3 minute read
THE FIRST WAVES
It’s hard to believe Lorraine Chevalier “Chevie” McDonald is 95 years old — she flits about her apartment at Edgemere senior living like it’s a college dorm. But she graduated from the University of Pennsylvania in 1940, with a degree in political science and was working as an assistant buyer for Macy’s when Pearl Harbor was attacked.
“I was insulted, the way everyone else was, that the Japanese would do that,” she says. “I wanted to do something.”
As a woman, her options were limited. She could have become a nurse or entered the Women’s Army Corps, but McDonald had her sights set on the Navy.
“I had a lot of friends in the Navy — boys,” she explains. “One special friend of mine was at Pearl Harbor.”
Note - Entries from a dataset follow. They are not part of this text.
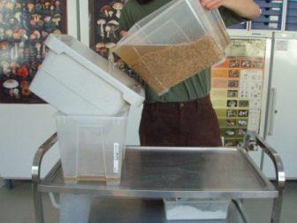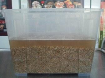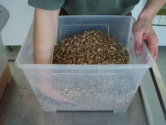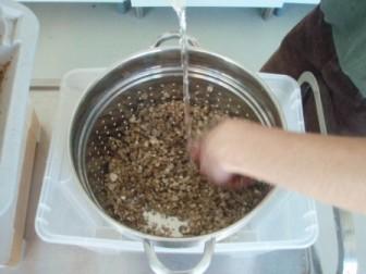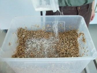 Das Wasser muss mindestens 4 bis 5 cm über dem Roggen stehen. Am nächsten Tag soll der Roggen abgeseiht werden (z. B. mit einem Sieb oder einem Behälter mit geeignet großen Löchern – so, dass kein Roggen-Korn, aber das Wasser durchkommt). Das Ganze ca. 15 Minuten stehen lassen und das überschüssige Wasser abtropfen lassen. Während der Roggen abtropft, kann das Vermikulit „medium“ in einem passend großen Sieb angefeuchtet und gemischt werden. Es soll so viel Wasser hinzugegeben werden, bis das Vermikulit nach ca. 10 Minuten nicht mehr abtropft. Nun wird der Roggen gut mit der entsprechenden Menge Gips vermischt. Als letzten Schritt wird dann das angefeuchtete Vermikulit darunter gerührt und alles noch einmal gut durchmischt.
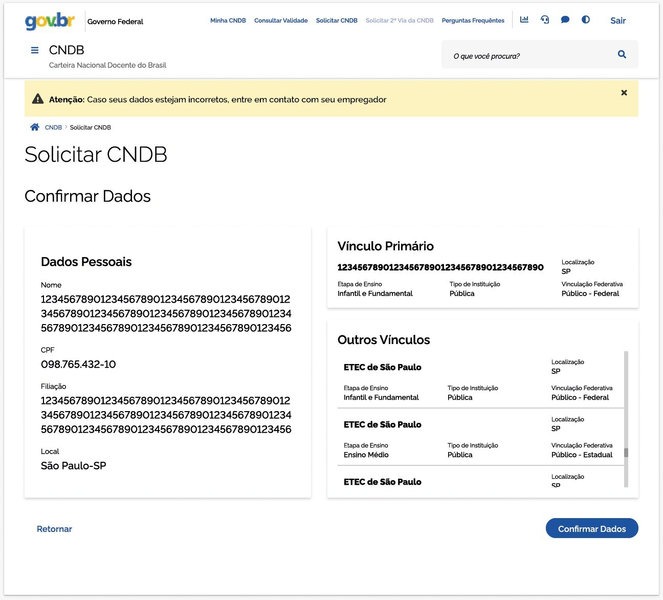 - Verificação dos dados — O sistema exibe automaticamente as informações cadastrais e vínculos institucionais do docente. Caso estejam corretas, basta confirmar; se houver erro, é necessário solicitar atualização junto à instituição de ensino.
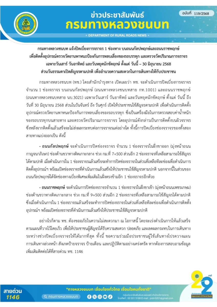 กรมทางหลวงชนบท แจ้งปิดเบี่ยงการจราจร 1 ช่องทาง บนถนนกัลปพฤกษ์และถนนราชพฤกษ์ เพื่อติดตั้งอุปกรณ์ตรวจวัดยานพาหนะป้องกันการหลบเลี่ยงของรถบรรทุก และตรวจวัดปริมาณการจราจร เฉพาะวันเสาร์ วันอาทิตย์ และวันหยุดนักขัตฤกษ์ ตั้งแต่ วันนี้ – 30 มิถุนายน 2568 ส่วนวันธรรมดาเปิดสัญจรตามปกติ เพื่ออำนวยความสะดวกในการเดินทางให้กับประชาชน
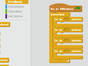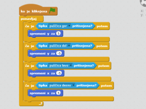 ![]() Dobro je vedeti, da položaj X predstavlja premikanje levo in desno, položaj Y pa premikanje gor in dol. In znak - pred številko pomeni nasprotno smer (levo, dol). Torej v zanko, ki detektira puščico gor vstavite: [spremeni y za 5] puščico dol vstavite: [spremeni y za -5] puščico levo vstavite: [spremeni x za -5] puščico desno vstavite: [spremeni x za 5] Številka na koncu ukaza pove, za koliko korakov se bo figura premaknila, torej hitrost premikanja. |
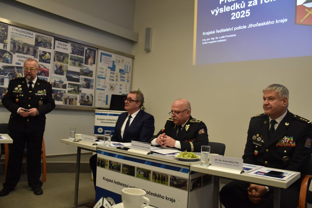 JIŽNÍ ČECHY – Jak se loni dařila práce jihočeským policistům, o tom informovali na výroční tiskové konferenci v Českých Budějovicích představitelé krajského ředitelství policie Jihočeského kraje. Ředitel Luděk Procházka řekl, že je na jihočeské policisty hrdý, protože během deseti let, kdy je ve funkci, byli v objasněnosti trestné činnosti mezi čtrnácti kraji pokaždé „na bedně.“
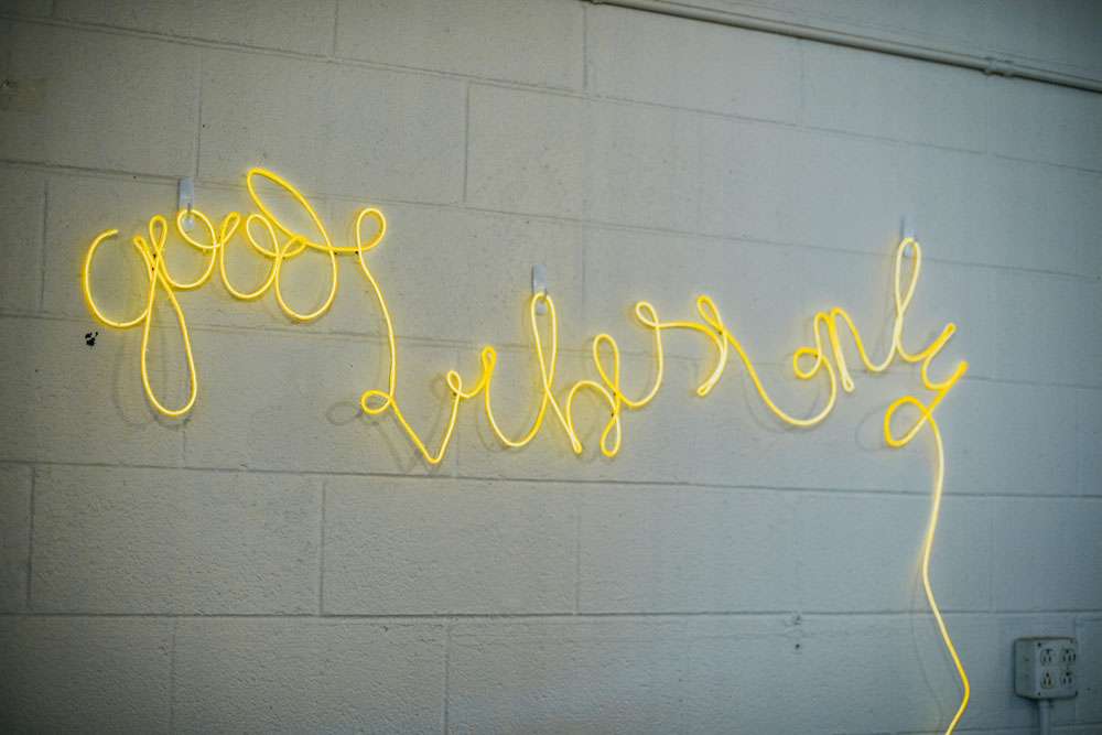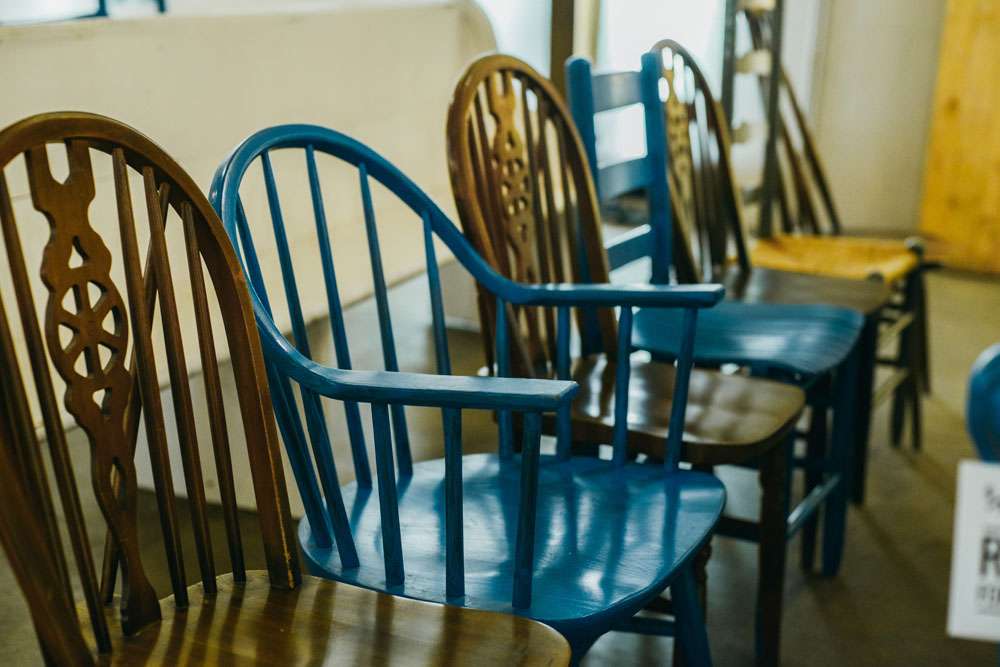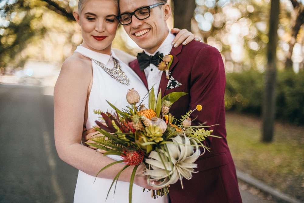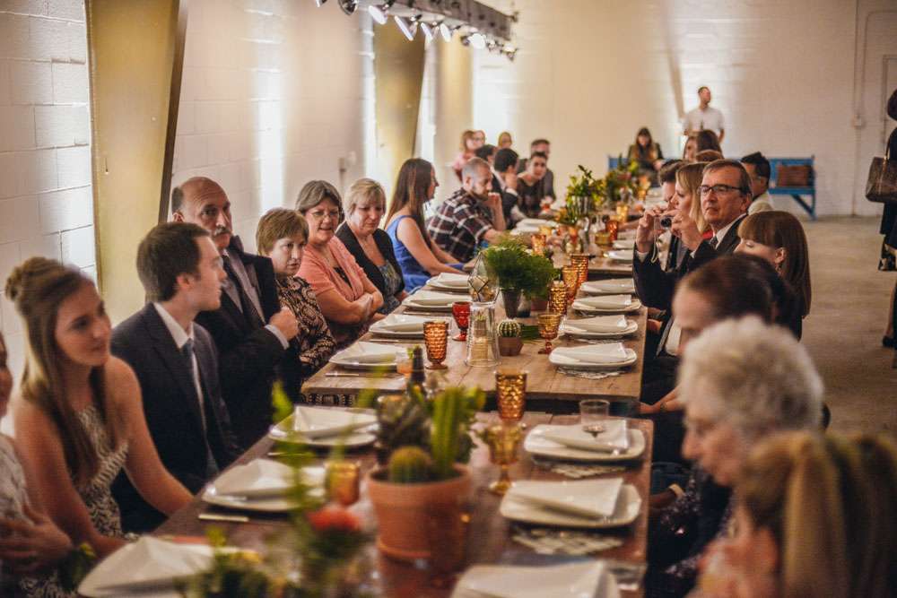 “We made three neon looking signs to place throughout the venue”, she continued. “We rented vintage chairs to create a ‘living room’ for people to relax and chat in. We also created an art installation in one of the corners with about 30 colourful paper lanterns. For the tables we had gathered a bunch of random glassware, pots, trinkets from my grandparents house during their move and Ivory & Beau beautifully incorporated these items in with succulents and other greenery. At the entrance, we had a small table with artwork from our lives like a poster from the concert we met at as well as little caricatures of us drawn by Stephanie.”

Luckily, in 1942, thanks in large part to the efforts of Sen. Margaret Smith, Congress passed a piece of legislation, authorizing Women Appointed for Volunteer Emergency Service (WAVES), an all female division of the U.S. Naval Reserve.
“I was determined to go in the first class,” McDonald says, emphasizing the word “determined.”
But enrolling in the Officer Commissioning Program wasn’t easy. Applicants were required to have a letter of availability from their employers and McDonald’s boss didn’t want to cooperate.
“I got a letter [from the president of Macy’s], saying I was unavailable because all the boys were leaving, and they didn’t want everything to be left vacant,” she explains.
Despite this setback, she set up an interview in New York with a recently sworn in female officer. McDonald showed her the disappointing letter, which turned out to be a great decision.
“She said, ‘Oh, I know [your boss] very well — I was head of human resources for Macy’s’,” McDonald remembers. “She took the letter and ripped it up and I was in, so I was very happy.”
For training, McDonald went to Smith College in Northampton, Mass. It was winter and she remembers being cold, especially in the mornings. The WAVES had to be in uniform and outside by 6:30 a.m. They studied “all kinds of things” — naval history, military protocol, airplane and ship identification.
“We had to take typing,” she says. “We had all come from good jobs. We had had people type for us and we thought, ‘This is awful. What are we going to do? Then we found out they needed communications officers ... We were coders and incoders of Navy secret messages. We had to put the open messages into code and then the ones that came in from all over the world we had to decode.”
For McDonald and many of her cohorts, this coding and incoding took place behind locked doors in New York City. In the Big Apple, she says the WAVES were “an oddity” but largely well received. However, some of her male counterparts made wisecracks.
“Sometimes they’d say something about, ‘You’re taking my cushy desk job’,” she says. Her response? “‘Oh, and aren’t you happy that you’re going out to sea?’”
While living in the Village, McDonald began dating her husband, Bob, who was also in the Navy. She had known him in college but didn’t consider him a viable partner then because he was a bad dancer. Somehow, he won her over and they were married at Saint Patrick’s Cathedral. Two years into her service, she became pregnant with their first daughter and had to leave the WAVES. Her departure from military service was bittersweet.
“I was delighted that I was going to have a baby,” she says. “I thought that was exciting. Also, it was exciting because my husband got orders to go to Guantanamo Bay in Cuba and the baby and I were the first civilians to go on a ship out of New York after [Victory over Japan] Day.”
McDonald loved Cuba. Their house was large and had a beautiful garden. She would have been happy to stay forever, but Bob left the Navy and took a job in New York at a food manufacturing company. Eventually, he got a better offer in Dallas, so they settled in Preston Hollow “because it was full of trees.” She enrolled her 8-year-old daughter at Ursuline and her 11-year-old son at St. Marks — her two eldest children were already in college.
Though they were separated by distance, McDonald and her fellow WAVES remained close friends.
“I guess we were all in this together,” she says. “We had a single purpose. We really were bonded.”